Helen de Guerry Simpson (1 December 1897 – 14 October 1940) was an Australian novelist and British Liberal Party politician.

Youth and education 
Simpson was born in Sydney into a family that had been settled in New South Wales for over 100 years. Her great-grandfather, Piers Simpson, R.N., was associated with Sir Thomas Mitchell and her maternal grandfather, the Marquis de Lauret, settled at Goulburn some 50 years before her birth. Her father, Edward Percy Simpson, was a well-known solicitor at Sydney who married Anne de Lauret. Helen Simpson was educated at the Convent of the Sacred Heart, Rose Bay (now called Kincoppal-Rose Bay, School of the Sacred Heart) and at Abbotsleigh, Wahroonga and, in 1914, she went to France for further study. On returning to England  she went to Oxford, reading French (1916-1917), at a time when women could study at Oxford but not receive degrees. in April 1918, she joined the WRNS to work in decoding as a senior section officer. In September 1919 she returned to Oxford to study music, and there became intensely interested in theatre, founding the Oxford Women's Dramatic Society and writing and publishing several plays. She was sent down in 1921 without completing her degree, apparently for breaking regulations prohibiting men and women students from acting together.

Career as a writer 
Her first appearance in print was a slight volume of verse, Philosophies in Little, published at Sydney in a limited edition in 1921. It attracted little notice but was included by Percival Serle in his list of the more important volumes in his Bibliography of Australasian Poetry and Verse, published in 1925. Her play, A Man of His Time, based on the life of Benvenuto Cellini and written partly in blank verse, was performed by McMahon's repertory company at Sydney and published there by Angus & Robertson in 1923. Her first novel, Acquittal, appeared in London in 1925 and was followed by The Baseless Fabric (short stories) in 1925 and Cups, Wands and Swords (1927). The Women's Comedy (a play) was privately printed in 1926.

Simpson visited Australia in 1927 and, in the same year, married Denis John Browne, F.R.C.S., a children's surgeon and a fellow Australian; Browne was a nephew of Thomas Alexander Browne, "Rolf Boldrewood". Mumbudget, a collection of Irish fairy stories, appeared in 1928 and was serialised on the BBC the following year. It was followed by The Desolate House (1929) and Vantage Striker (1931). These books were all capably written, but had comparatively little success.

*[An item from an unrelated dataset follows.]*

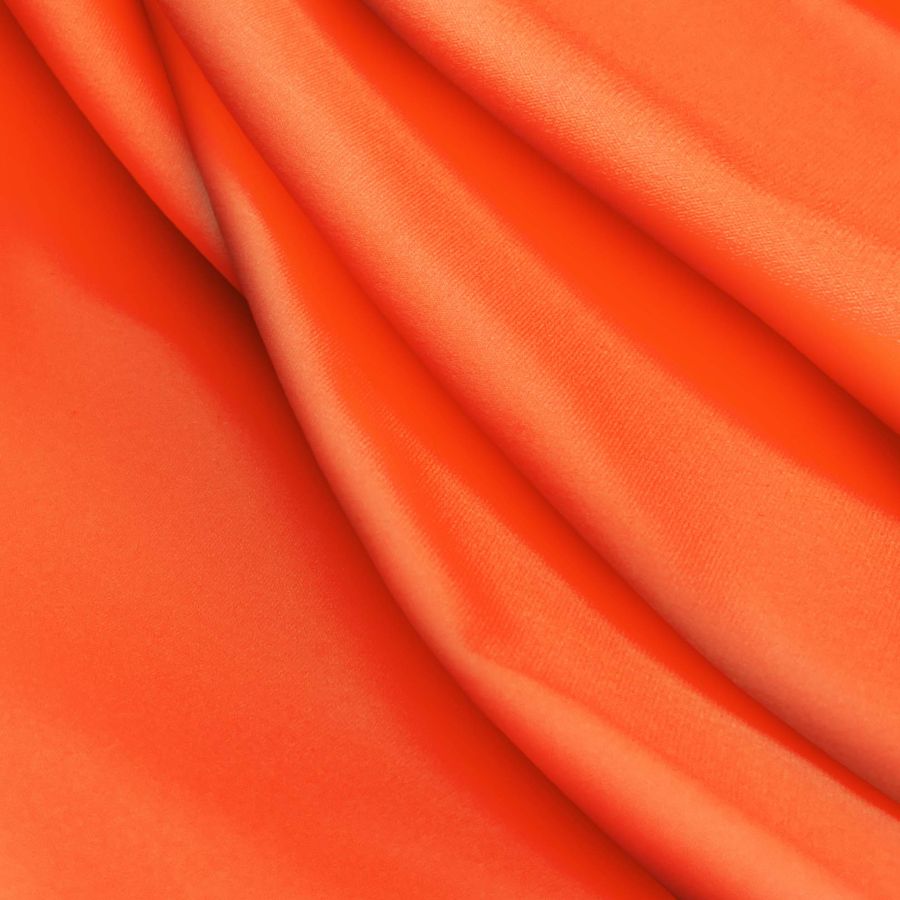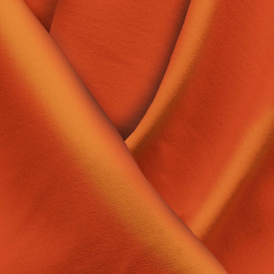 La tela base Lycra Reciclada - Seal de 230 gr/m2, de composición 75% poliéster y 25% elastano, presenta un color liso impreso en tono Naranja Puro con un CMYK de 0 82 94 0. Este color secundario es una mezcla vibrante de tonos cálidos, que evoca la energía y la vitalidad del verano. Combina especialmente bien con tonos neutros como el blanco, el negro y el gris, así como con otros pasteles y tonalidades de naranja.

She was a member of the Detection Club and contributed to two of their round-robin works The Floating Admiral (1931) and Ask a Policeman (1933) and the creative non-fiction The Anatomy of Murder (1936).

Boomerang, published in 1932, was her first big success. Its plot begins in Paris at the end of the eighteenth century, wanders all over the world, including Australia, and ends in the trenches in France during World War I. It was awarded the James Tait Black Memorial Prize for fiction and serialised for radio by William Power in 1937. It was followed by The Woman on the Beast in 1933, which consisted of a prologue, three books and an epilogue. The three books have no connection with each other; in reality they form three separate short novels with the common basis that the most hateful things may be done for apparently the best of reasons. An historical novel, Saraband for Dead Lovers (filmed in 1948) came out in 1935, as did The Female Felon, a long short story.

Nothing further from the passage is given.